If you intend to create online courses, you’re going to need a learning management system (LMS). There are lots of them on the market, but they’re not all the same. You must make an informed decision here, which means comparing your options on an apples-to-apples basis. Some of the key comparison points should include the following:

  • Does the LMS offer the ability to customize and brand content? Not all of them will let you create online courses, so check this first.
  • Is it web-based? Some LMSs must be installed on your server, but web-based systems are accessible anywhere, from any Internet-connected device.
  • How cost-effective is the LMS? Some require not only an initial purchase but also charge ongoing fees for access.
  • Is training available? Some LMSs come with training to help ensure that your employees can use it effectively and understand how all the features and functions work.

Once you’ve chosen your LMS, the next step is to understand the various steps required to create online courses.

Level of Branding and Customization

If you’re creating online courses, then chances are good that you want them to be customized and branded for use within your business. Does your LMS allow you to create and upload custom courses? What’s more, does it allow you to brand that content? Branding can be pretty important, as it helps tie the content to your company culture, ethics, and brand personality. It also helps create a cohesive feel and can eliminate the disconnect that occurs when your employees complete generic training programs.

Learner Grouping

Chances are good that you’ll create online courses for multiple needs. Some of your learners might need to complete mandatory corporate training, such as sexual harassment training. Others may need to complete professional CE to re-up or maintain their licensure.

You will likely also have learners who are voluntarily completing training to upskill or improve their career prospects. The right LMS can support all of these needs and more by allowing you to group learners together so that specific groups have access to particular online courses and modules. Other tools that help here include the ability to customize training plans based on individuals, positions within your company, and even by completed pre-requisite.

Break It Up

How much do you enjoy information dumps? You don’t. Neither do your learners. When you create online courses without the right structure, that’s what happens, though.

Ideally, you can break up your content into different chapters and individual lessons. Of course, doing this will require that you begin with a strategy. The good news is that it’s not all that difficult. Consider these ideas:

  • Spread your key points out. Each key point can become the topic of a single chapter.
  • Spread out the supporting information for each point or topic. These can become individual lessons.
  • Vary the length of the lessons and the number of lessons per chapter. 10 chapters of 10 lessons each feel pretty artificial and homogenous. If necessary, break your content up even more to avoid that.

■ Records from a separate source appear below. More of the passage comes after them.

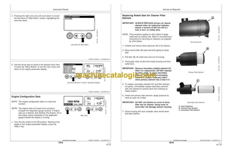 Main Menu Navigation . . . . . . . . . . . . . . . . . . . . 15-5 Replacing Fuel Filter Elements. . . . . . . . . . . . . . 35-9
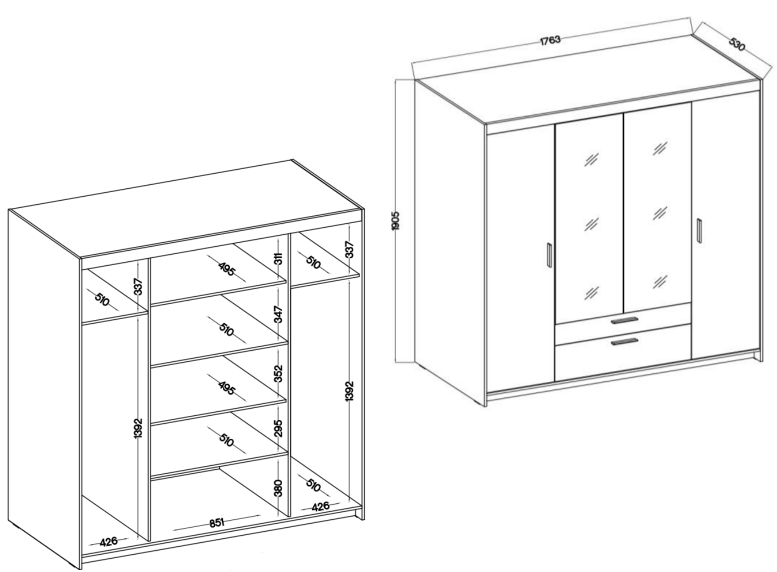 - Szafa w środku: zawiera 6 półek oraz 2 drążki na wieszaki
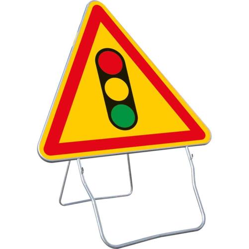 Panneau de chantier signalant la présence d'un feu tricolore provisoire et la mise en place d'une circulation alternée. En acier galvanisé, il fait preuve de robustesse et de légèreté, tout en restant simple et rapide à manipuler. Le montage sur pied lyonnais permet le blocage automatique du pied arrière dans deux positions, ouverte ou fermée.
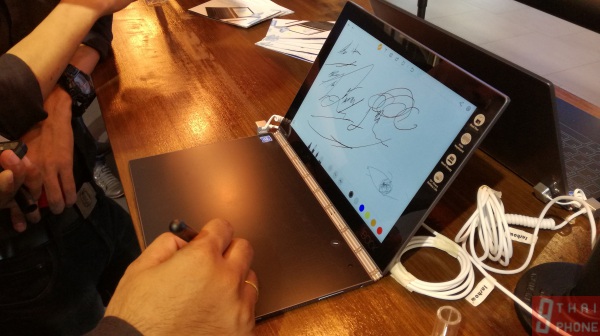 สิ่งที่หลายคนทึ่งกับ Yoga Book ก็คือ การใช้ปากกา Real Pen เขียนบนกระดาษ แล้วทุกอย่างที่ขีดเขียน ไปปรากฏบนจอภาพทันที
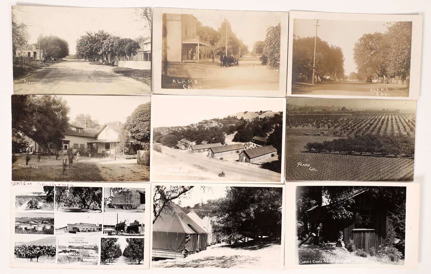 9 Alamo real photo postcards, 2x Camp Diablo, Industries with red pen writing, farm, vacation camp, 3x street scenes, Alamo Inn. c. 1909-13. British Columbia Alamo
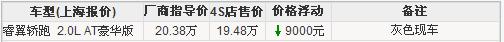睿翼轿跑车拥有四大领先优势:独具魅力的跑车化外型与内饰、先进的车身轻量化技术、顶尖的运动性能与安全性能,以及越级配置带来的高品质享受。近日了解到睿翼轿跑灰色现车1辆 现金优惠9000元。详细价格请参照下表:
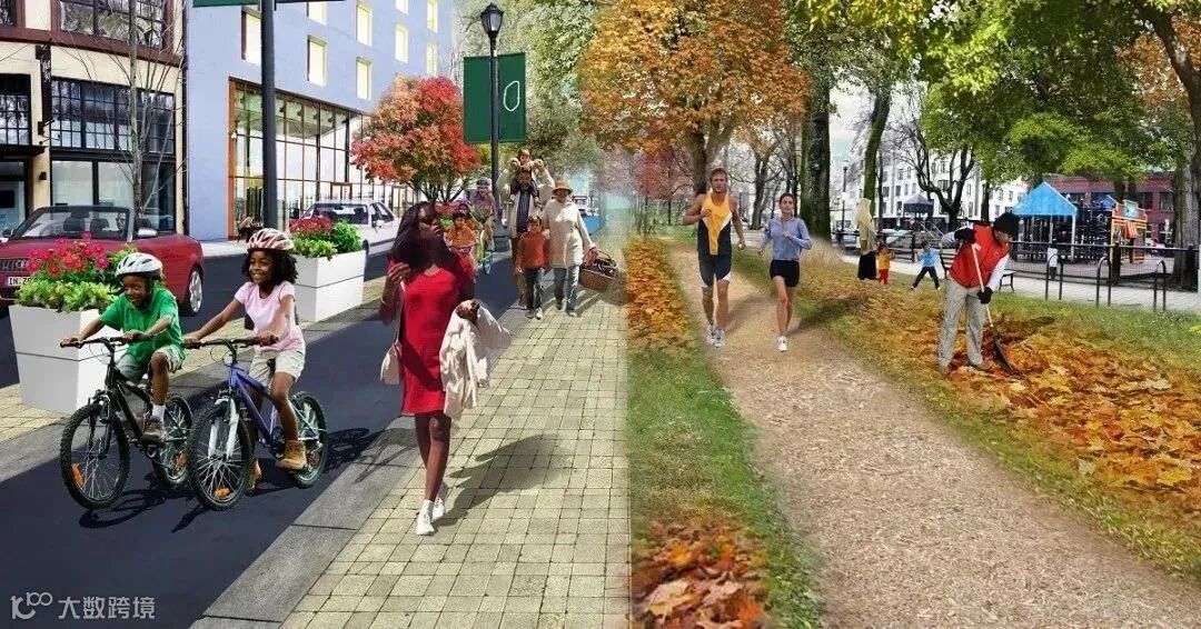 波特兰的20分钟邻里(20-minute neighbourhoods)计划旨在重新构思土地利用的方式,并扩展其覆盖范围,到2030年保证90%的居民能够通过步行及骑自行车的方式满足基本日常需求。
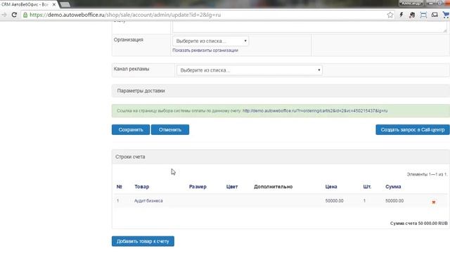 5. Продажи через интернет - Ручное выставление счетов в CRM АвтоВебОфис
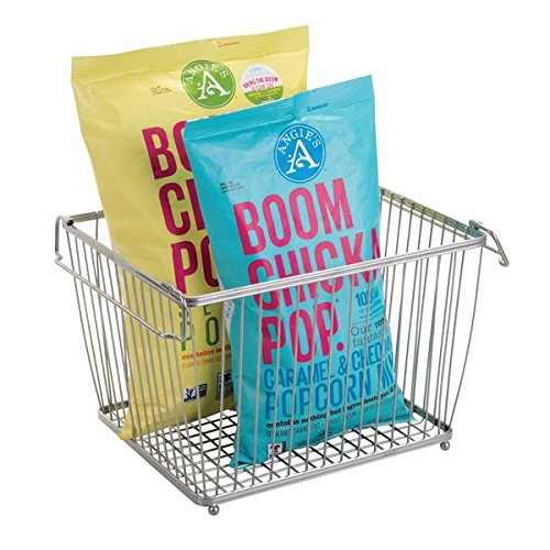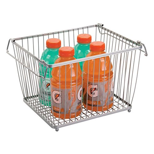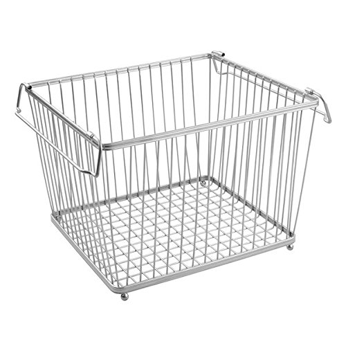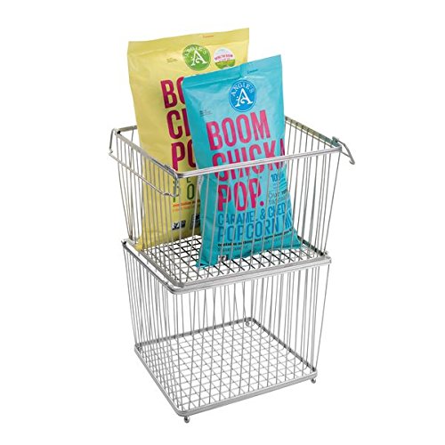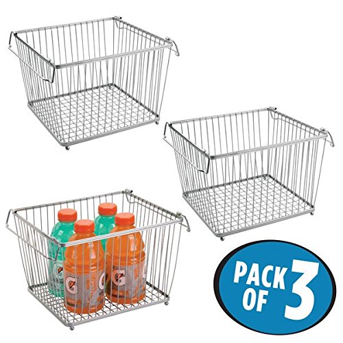 mDesign Stackable Wire Storage Basket for Kitchen, Pantry, Cabinet - Pack of 3, 12", Silver
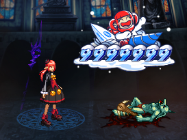 常规伤害字体是带着一层雪,9999999字体则是魔界人开冰车,还是比较可爱的。
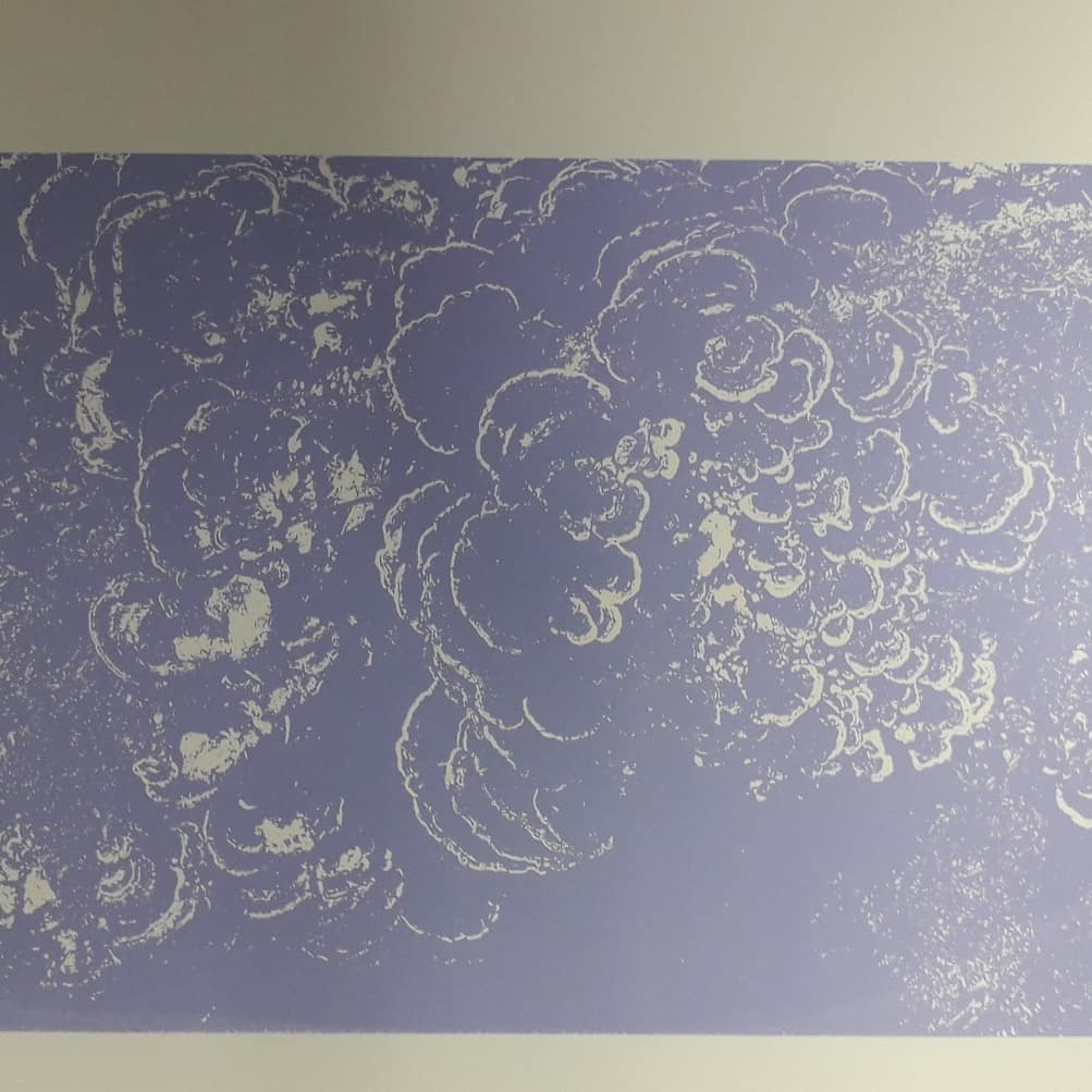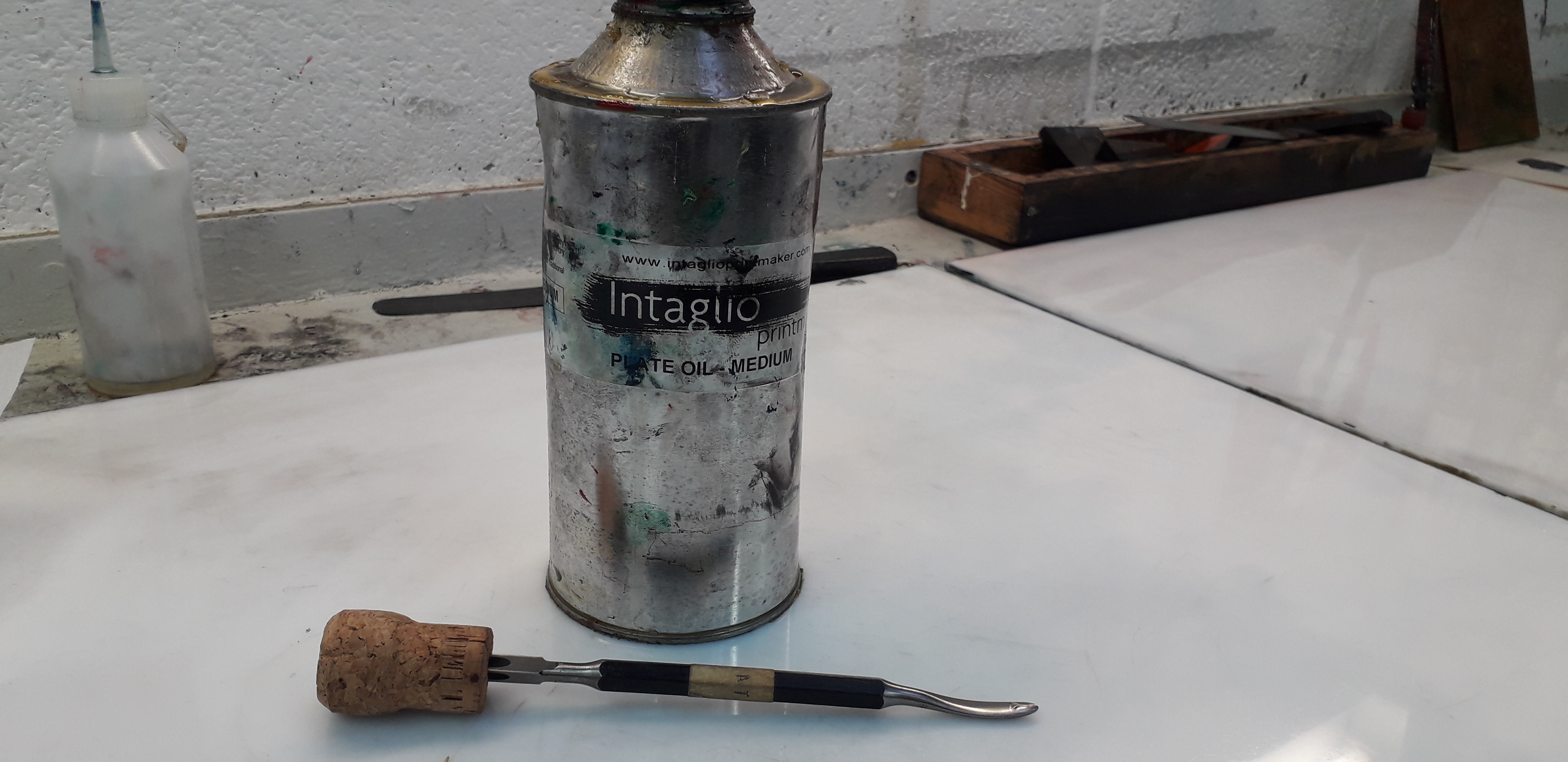 No ultramerine available in etching ink so magnesium carbonate added to make the ink flow better into the etched groves

There are several benefits to using chapters and lessons rather than one big info dump. One of those is that your learners will retain information better when it’s chunked up like this. Another is that updating individual parts of the lesson/chapter is simpler, reducing the workload on your dev team.

Vary the Content Type

When you create online courses, you must mix things up in terms of content. Combine text-based course work with multiple-choice mini-quizzes, video content, animations, and gamified content. Doing so offers some pretty important benefits, including the following:

  • Engagement – Using different content types helps create better engagement with your learners. The more engaged they are, the better they’ll learn, the more they will enjoy the experience, and the more information they’ll retain.
  • Different Learning Needs – You need to cater to different types of learners. In your business, you’ll have visual learners, auditory learners, and kinesthetic learners. You also need to balance learning preferences by generation. For instance, Baby Boomers are more comfortable with text, while Gen Xers are happy with several different content types. Millennials prefer video-based, animated, and gamified content.

File Format and Software Usage

You must also consider the file formats your LMS accepts. Older, more limited systems only accept a few types of files, which limits your ability to create online courses that work for your needs and those of your learners. More advanced systems can accept a much wider range of file types, including audio files, video files, PowerPoint files, Word docs, Excel files, SCORM, and numerous others.

Of course, you need to base your decision here on the software used in your organization. Choosing an LMS that only accepts Open Office format files does you little good if your business doesn’t use Open Office. Choosing an LMS that works with Flash does you little good if you’ve already migrated to using HTML5.

In Conclusion

The right LMS software is central to the ability to create online courses. However, you also need to know your learners, be able to group them and be able to create content that resonates with each group. This goes beyond writing style or text length and touches on content type (text, video, etc.), but also learning style and even the reason for training, such as professional CE or voluntary upskilling.